If you’ve noticed that the amount of homework your child receives on a daily basis is significantly less than the workload you received when you were in grade school, you’re not alone. Many schools have been reviewing their homework policy over the last few years and replacing the notion of “more is better” with value-based homework practices.
However, educators want parents to know that less homework doesn’t equal a less educated student. To further examine this change in education, we talked with Richard McIntosh, Deputy Head of Junior School at Dulwich College Beijing, about how much homework kids should be getting, what meaningful homework looks like, and how you can best support your child’s learning after school hours.
So how much homework should kids be doing on average? According to McIntosh, no school could ever come up with an average that every member of the school community would be entirely satisfied with. “It’s important to recognize that homework is not just busy work… when homework lacks purpose, that’s the kind of thing that can frustrate students…,” he says. “Homework should be intentional, it should be adding value, [and] value cannot be measured in terms of minutes spent on homework. It’s about what skills are being developed and what kids are gaining from it.”
McIntosh notes that if a piece of homework is purposeful, then there should be an appropriate time frame set to complete that task. “Some of the most exciting and creative homework tasks [at Dulwich] are quite open-ended – teachers will set an objective and students will have some agency of how to do that task.

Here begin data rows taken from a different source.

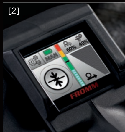
[2] Advanced mode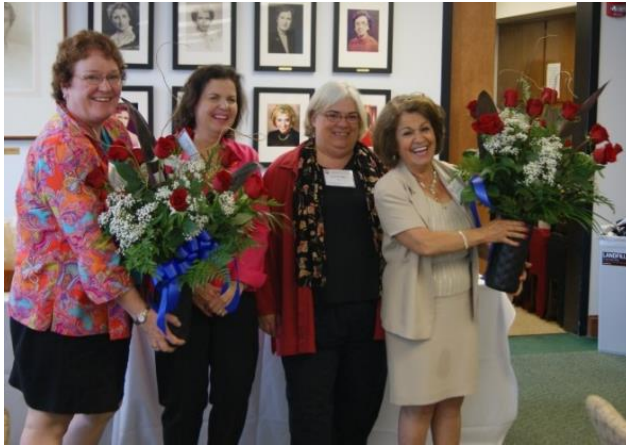
Business meeting and closing remarks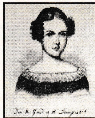
Lucretia Maria Davidson

Soon after, their mother sought to publish a larger volume of Lucretia's work entitled Poetical Remains of the Late Lucretia Maria Davidson , 1843, which she dedicated to Washington Irving in thanks for his encouragement of her two gifted daughters.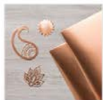
Copper Foil Sheets 142020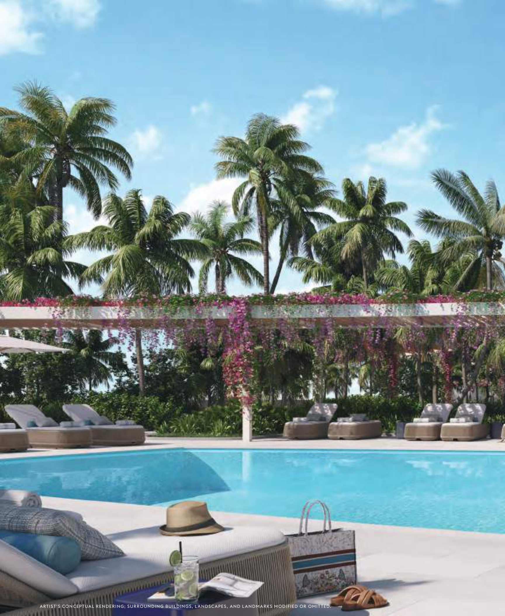
ARTIST'S CONCEPTUAL RENDERING; SURROUNDING BUILDINGS, LANDSCAPES, AND LANDMARKS MODIFIED OR OMITTED.

There is potential that somebody could spend hours on a small research task so we do set some clear guidelines and the amount of time we would expect them to spend on it, depending on the year group. That means if it’s purposeful and adding value and enhancing the experience, it could actually be done within that time frame set in the context of what should be a well-rounded home experience.”
To give a specific example, McIntosh shares with us a “Learning Log” assignment his son and the rest of Year 5 recently completed at Dulwich. As part of Year 5’s studies on “Champions for Change: People who have made a significant impact on the world and promoted change,” students were asked to research someone that they considered a champion of change and present it to their class. The estimated time the school sets for these “Learning Logs” at the Year 5 level is about 30 minutes. He explains, “In theory, you could spend 20 hours on a project like that, but we set guidelines. The focus is not just on facts such as when these people were born, but in this example, how they were leaders of change.” For McIntosh, this assignment is an excellent example of an appropriate, meaningful homework task that allows kids ownership over their learning and develops research and presentation skills.

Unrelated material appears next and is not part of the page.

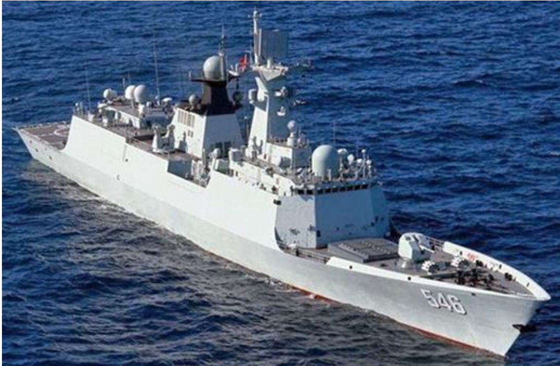
Figure 18. Jiangkai II (Type 054A) Frigate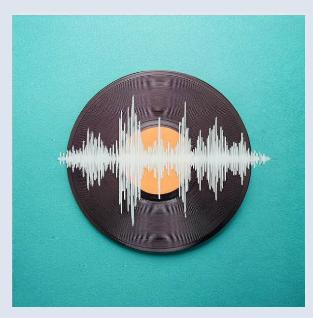
Click on the image to download.

Another factor that influences the amount of homework given at Dulwich is the school’s commitment to its students’ well-being. Homework assignments are set in the context that downtime and time for family are also important. “We’re not setting a homework task expecting it will take all evening or a weekend,” McIntosh says.
That being said, McIntosh points out that some homework assignments are great activities for family time and partnership between parents and child. At Dulwich, children are expected to read for 10-15 minutes at least three times a week. “Besides being valuable in an educational sense, spending time having your child read to you or reading with your child is quality time,” he says. As a father of two boys, he remembers bonding with his sons over the first books they brought home from school. “Sometimes you might explain a word to your child or sometimes you might see a word you don’t know so it’s an opportunity to learn together”.
We asked McIntosh what else parents can do to support their child’s learning outside of school hours. In general, he believes parents can focus on building curiosity and a love of learning. To take part in furthering their child’s knowledge of school subjects, he recommends that parents simply ask their child questions about what they are learning in class and transition the questions into a topic-specific conversation.
Richard McIntosh, Deputy Head of Junior School,
Dulwich College Beijing
As a parent, McIntosh admits that sometimes children claim they “can’t remember” what they did in school some days. If your child doesn’t remember what they did in school, McIntosh recommends taking advantage of curriculum overview resources schools put out for parents. Parents can use these materials to ask more specific questions instead of asking about the general day. At Dulwich, every few weeks a current topic review pamphlet goes out to each parent so they can follow their child’s studies. The pamphlet includes keywords, learning objectives, links to useful websites, and discussion points that parents can use to engage their child further. If your child’s school doesn’t provide something like this, a simple peek at your child’s agenda and some research on your part can also help you to ask more specific questions to jog your child’s memory, stimulate their curiosity, and test their understanding in a meaningful way.